▶ _Goal of the exercise_:
Print all the data below exactly, without images.

▶ _Given material_:
########################################

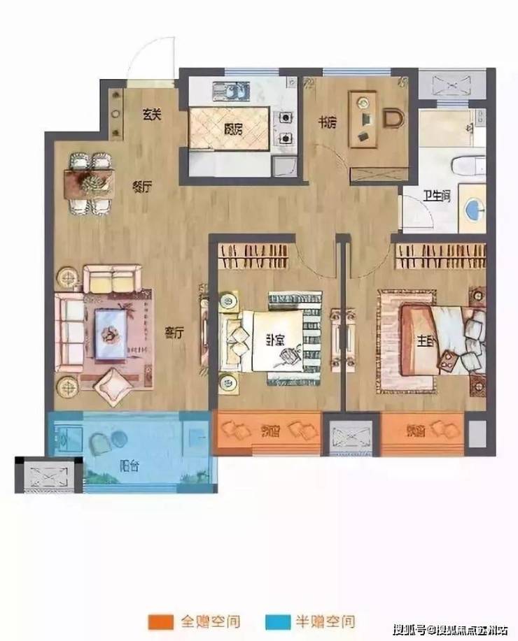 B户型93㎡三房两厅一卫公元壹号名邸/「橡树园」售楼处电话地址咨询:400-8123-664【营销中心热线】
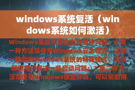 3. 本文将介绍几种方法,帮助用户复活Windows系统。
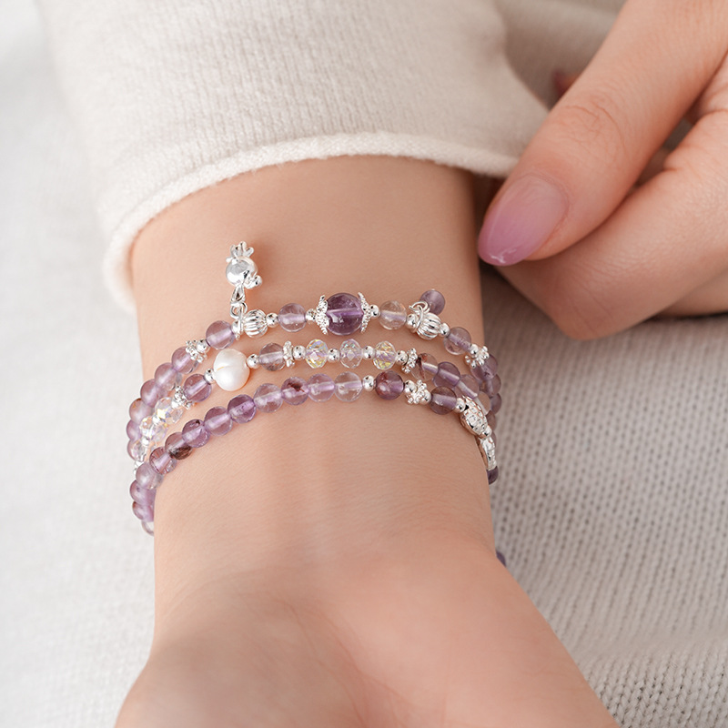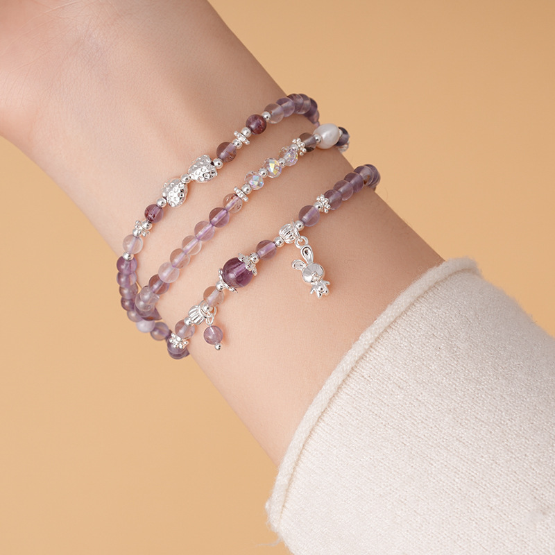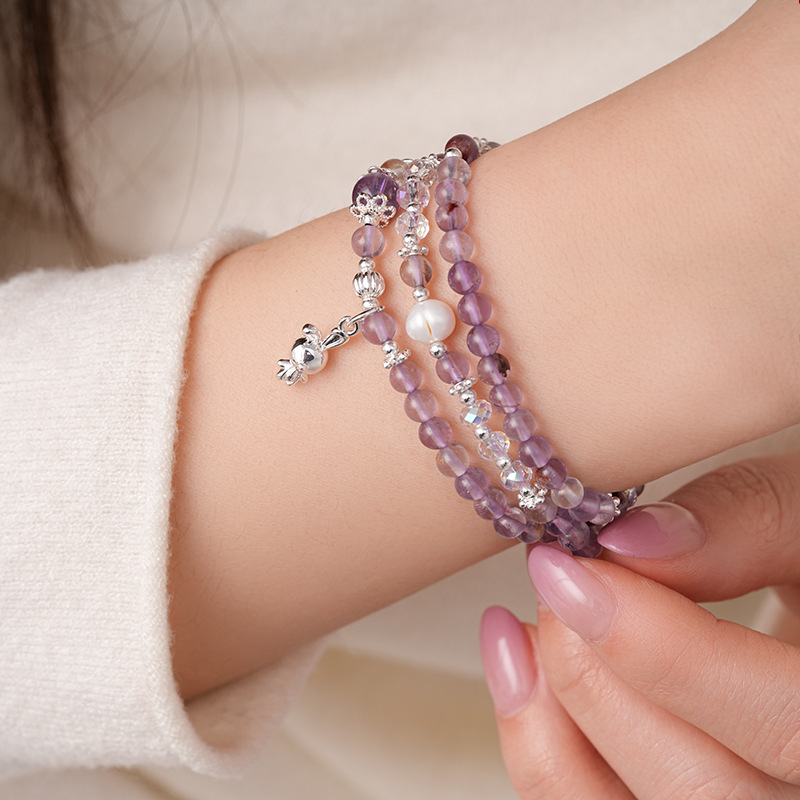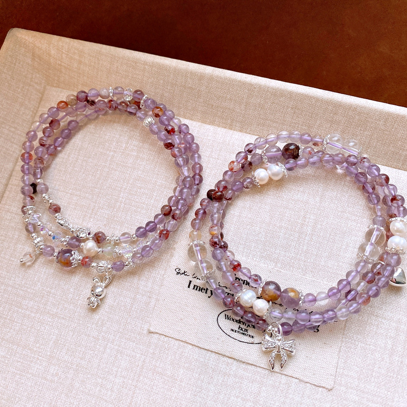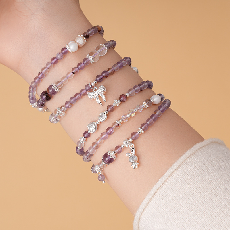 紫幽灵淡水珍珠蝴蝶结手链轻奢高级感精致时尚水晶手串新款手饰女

########################################

▶ _Completed task_:
 B户型93㎡三房两厅一卫公元壹号名邸/「橡树园」售楼处电话地址咨询:400-8123-664【营销中心热线】
 3. 本文将介绍几种方法,帮助用户复活Windows系统。
 紫幽灵淡水珍珠蝴蝶结手链轻奢高级感精致时尚水晶手串新款手饰女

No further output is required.